Viviane arbeitet acht bis zehn Stunden am Tag, abends ist sie müde, viel Zeit für Freunde bleibt da nicht. Trotzdem hat sie sich kürzlich entschlossen, einen HipHop-Tanzkurs zu besuchen, als Ausgleich zur Arbeit. "An diese Art von körperlicher Anstrengung muss ich mich allerdings erst gewöhnen. Der Muskelkater hatte es in sich."
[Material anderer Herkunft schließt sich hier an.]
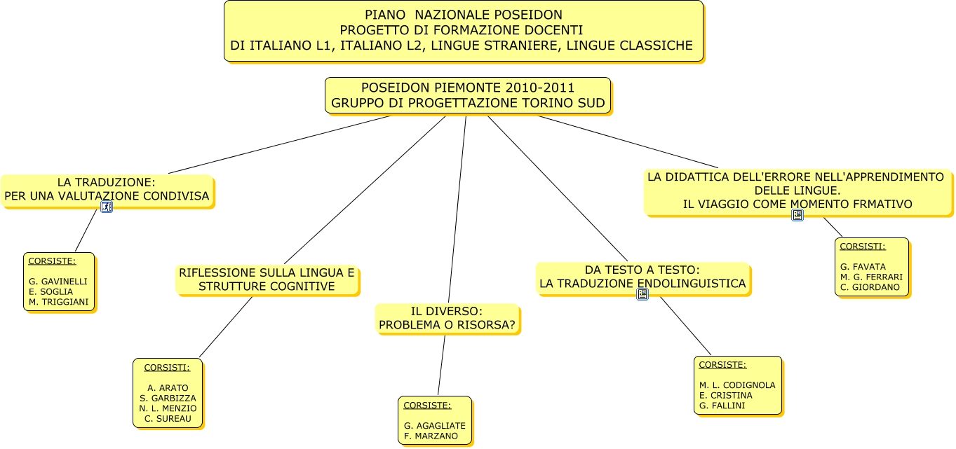 Questa Cmap, creata con IHMC CmapTools, contiene informazioni relative a: Poseidon Torino Sud, POSEIDON PIEMONTE 2010-2011 GRUPPO DI PROGETTAZIONE TORINO SUD LA TRADUZIONE: PER UNA VALUTAZIONE CONDIVISA CORSISTE: G. GAVINELLI E. SOGLIA M. TRIGGIANI, POSEIDON PIEMONTE 2010-2011 GRUPPO DI PROGETTAZIONE TORINO SUD LA DIDATTICA DELL'ERRORE NELL'APPRENDIMENTO DELLE LINGUE. IL VIAGGIO COME MOMENTO FRMATIVO CORSISTI: G. FAVATA M. G. FERRARI C. GIORDANO, POSEIDON PIEMONTE 2010-2011 GRUPPO DI PROGETTAZIONE TORINO SUD IL DIVERSO: PROBLEMA O RISORSA? CORSISTE: G. AGAGLIATE F. MARZANO, POSEIDON PIEMONTE 2010-2011 GRUPPO DI PROGETTAZIONE TORINO SUD DA TESTO A TESTO: LA TRADUZIONE ENDOLINGUISTICA CORSISTE: M. L. CODIGNOLA E. CRISTINA G. FALLINI, POSEIDON PIEMONTE 2010-2011 GRUPPO DI PROGETTAZIONE TORINO SUD RIFLESSIONE SULLA LINGUA E STRUTTURE COGNITIVE CORSISTI: A. ARATO S. GARBIZZA N. L. MENZIO C. SUREAU

Ab und zu, wenn sie mal frei hat, fährt sie zum Shoppen in ihre alte Heimat Berlin. "Aber ich bin jedes Mal froh, wenn ich wieder im Zug nach Hause sitze." Das ehemalige Stadtkind liebt heute das Landleben. Und sie brezelt sich auch regelmäßig auf - für ihre Lieblinge auf der Kuhweide. Die Fingernägel lackiert sie fast immer. "Manchmal schminke ich mich auch, bevor ich auf die Koppel gehe."

Ist Bäuerin nach wie vor ihr Traumjob? Sie zögert kurz: "Manchmal denke ich schon, warum tue ich mir das an? Vor allem, wenn ich sehe, dass die Rinder mal wieder die Zäune kaputt gemacht haben und ich sie wieder aufbauen muss. " Dann lacht sie: "Aber ganz ehrlich, dieser Gedanke hält bei mir maximal vier Stunden."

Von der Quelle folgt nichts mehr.